Archi Sengupta of Leisure Byte rated the series 3.5/5 stars and noted "Gora series flows well, the mystery is tight and the interactions between the detective and the sidekick are mostly hilarious, sans some disturbing verbal and physical abuse." She praised the comedy in the series, the rapport between Ritwick and Suhtra's characters, the short runtime, well written murders, Suhotra's performance, the suspense maintained throughout the series and the production quality. But she criticised the over display of eccentricities, the usage of an age-old reason for a revenge and the multiple loopholes in the storyline.
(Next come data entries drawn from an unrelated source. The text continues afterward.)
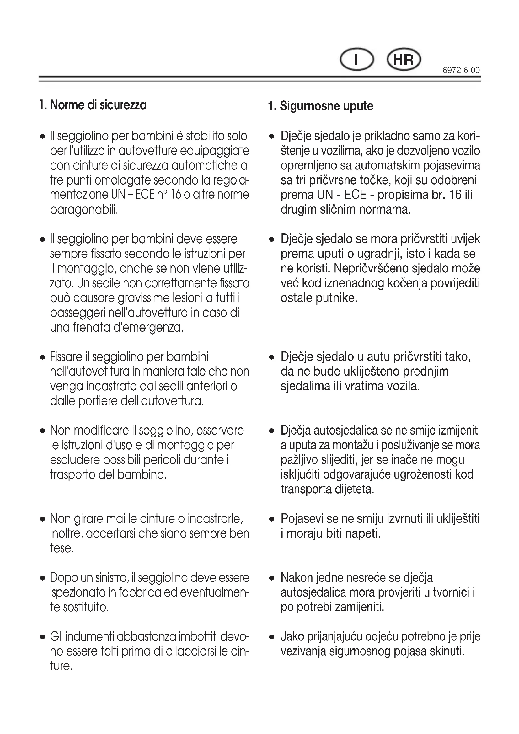 - Il seggiolino per bambini è stabilito solo per l'utilizzo in autovetture equipaggiate con cinture di sicurezza automatiche a tre punti omologate secondo la regolamentiazione UN - ECE n° 16 o altre norme paragonabili.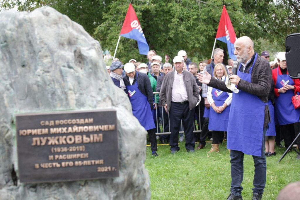 По окончании работ в память о Юрии Михайловиче и его необычном подарке городу на территории восстановленного исторического сада в Коломенском был торжественно открыт мемориальный камень работы народного художника РФ С.А. Щербакова с надписью «Сад воссоздан Юрием Михайловичем Лужковым (1936-2019) и расширен в честь его 85-летия».
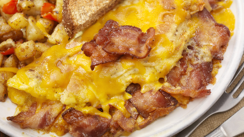 Although omelets may require a bit more time and finesse than a plate of scrambled eggs, they're totally worth it. This breakfast dish is super customizable and easy to tweak to fit your palate — and whatever ingredients you have in your refrigerator. You can go with a Denver omelet featuring the classic trio of onions, green pepper, and ham, or you can get creative and add oysters to your omelet for a straight-from-the-sea flavor. Though as delicious as these additions sound, the best omelet filling is undoubtedly cheese.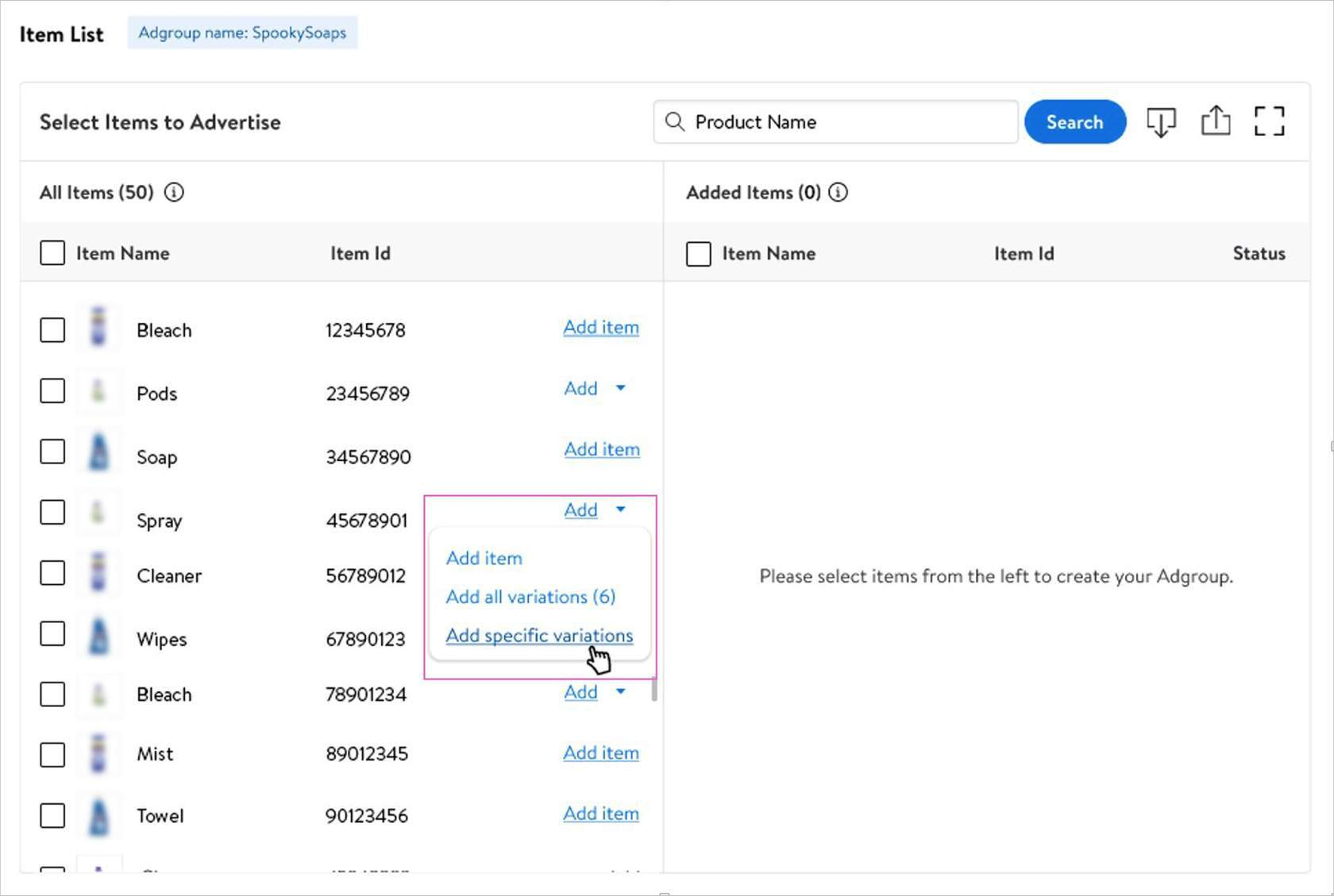 搜索框同样在右上角,可以通过搜索Item ID, Product Name, Brand Name, Keyword在左侧窗口看到items,如果产品存在多个变体需要投放,点击对应产品右侧的“Add”展开,“Add item”代表仅增加该变体商品,“Add all variations”代表增加这个商品的所有变体形式,“Add specific variations”代表增加选定的几个变体商品。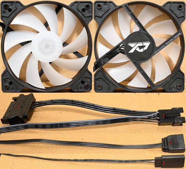 ▼120mm ARGB主控風扇,乳白色9葉片扇葉軸心內有發光LED,扇葉外框貼紙有商標,風扇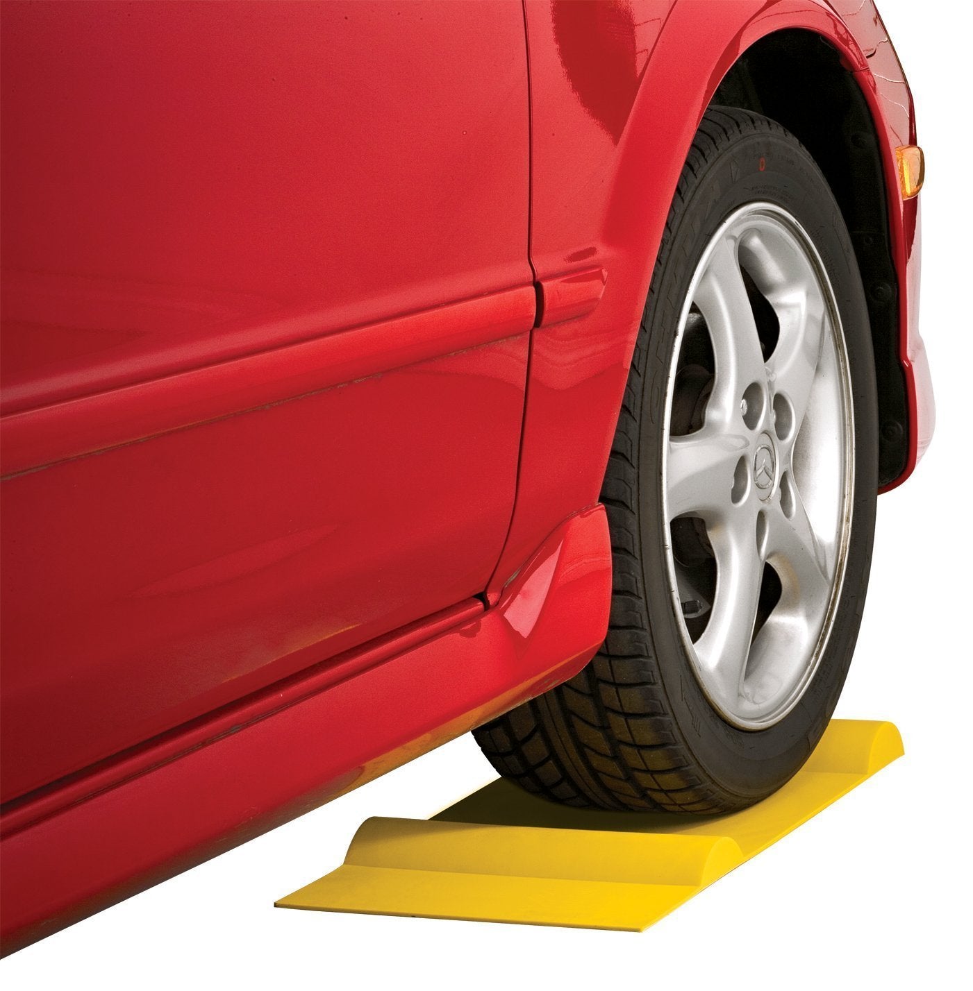 Automobiles can do a lot of damage to garage walls if parked incorrectly. And, garage doors can do a lot of damage to cars if they come down on top of them. Car Parking Mat guide helps you park perfectly every time so none of these things happen. The guide works with all types of cars and trucks. With only one mat needed per vehicle, wheels drop into place so that you're sure that you've driven far enough into your garage to clear the automatic door. Simply set the guide on the floor exactly where you want your front tires to stop. A unique tongue design makes it so the car's weight holds the guide in place. Drive over the first hump and you'll know it's time to stop when the tire comes to rest on the second.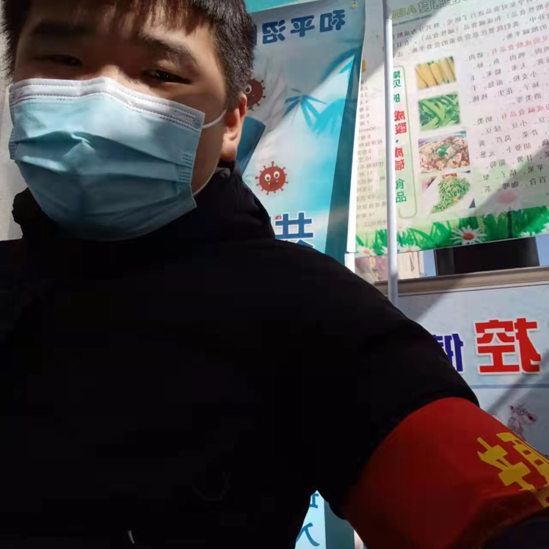 信息科学与技术学院2018级电子班李洪伟,在呼和浩特市东影北街社区负责协助核酸检测以及向小区居民宣传疫情期间防护知识等工作。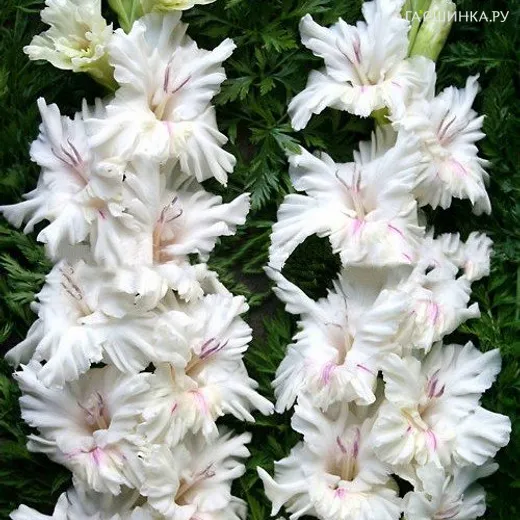 Гладиолус Апостол Петр - многолетнее клубнелуковичное растение семейства Ирисовых. Высота 160 см. Восхитительный белый цветок с розово – малиновыми лучиками выходящими из центра.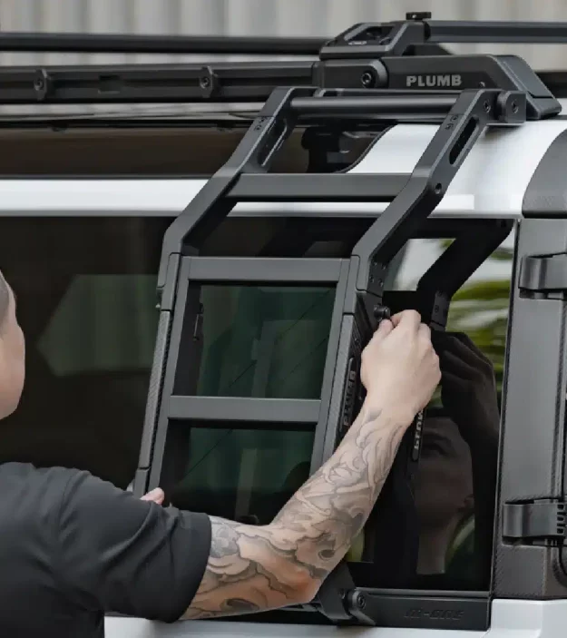 The M-one series ladder not only resolves these problems but also seamlessly integrates with the vehicle, matching the PLUMB roof rack’s design. It strengthens the original waistline position and features an easy-to-use sliding rail and locking switch. The ladder’s unique structural design effectively reduces wind resistance, achieving minimal wind noise. Made from all-aluminum-magnesium alloy with dry carbon fiber inlay.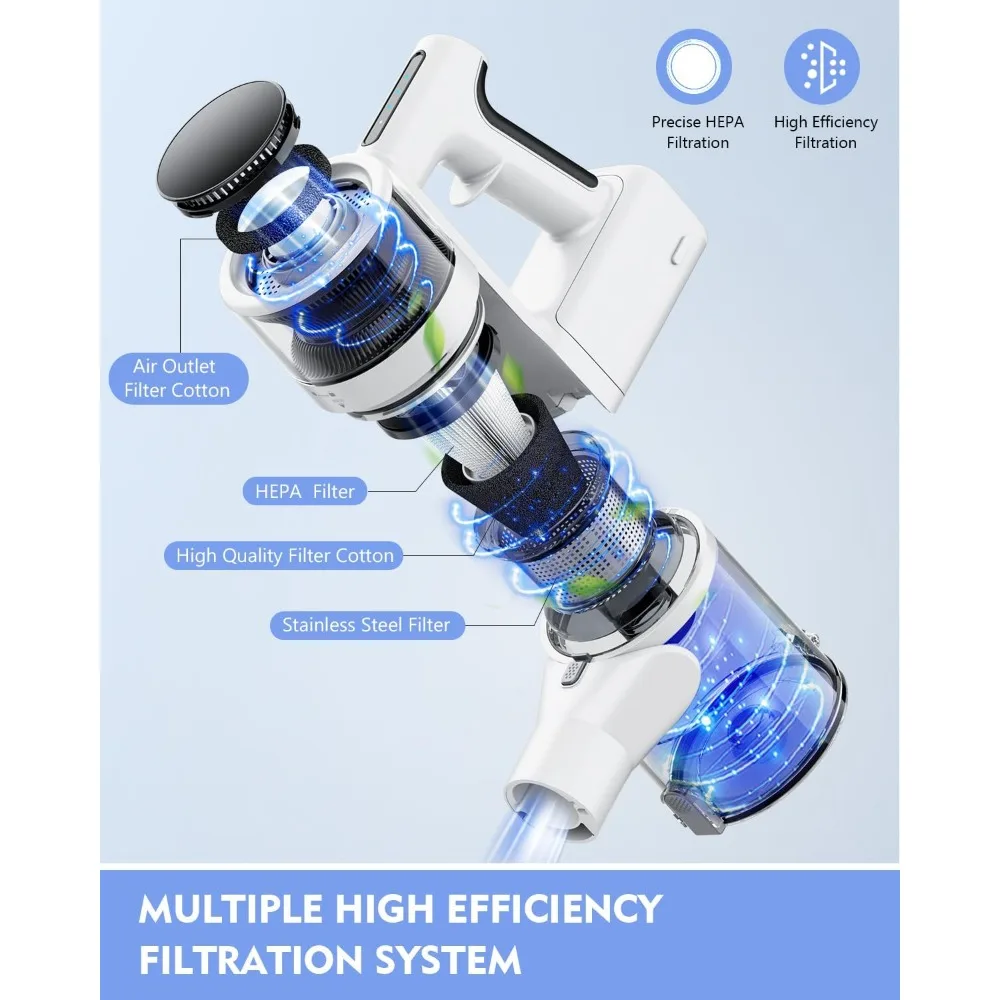 - Powerful Suction And Versatile Design: 🤩 Unleash the power of cleaning! Cordless vacuum cleaner features an 80,000PRM system and Multi-layer filtration system that delivers superior suction power to quickly remove dust and debris, while supporting 2 adjustable modes to meet different cleaning needs.

High on Films and OTTplay have also given mixed reviews to the series.

==== Season 2 ====
Poorna Banerjee of The Times of India rated the series 3/5 stars and highlighted "Ritwick-Suhotra’s duo is quite naturally magnetic, but the end is quite rushed and could have been explained and formed better." She praised Sahana Dutta for writing the character of Gora in a way that reduces the seriousness and brutality of a situation and the poetic dialogues but bemoaned Gora's over forgetfulness, unnecessary confusion, unaddressed loopholes in the plot, excessive editing, overacting on Ritwick's part, Ushashie Ray's weak performance and the overdone theatrics in certain parts.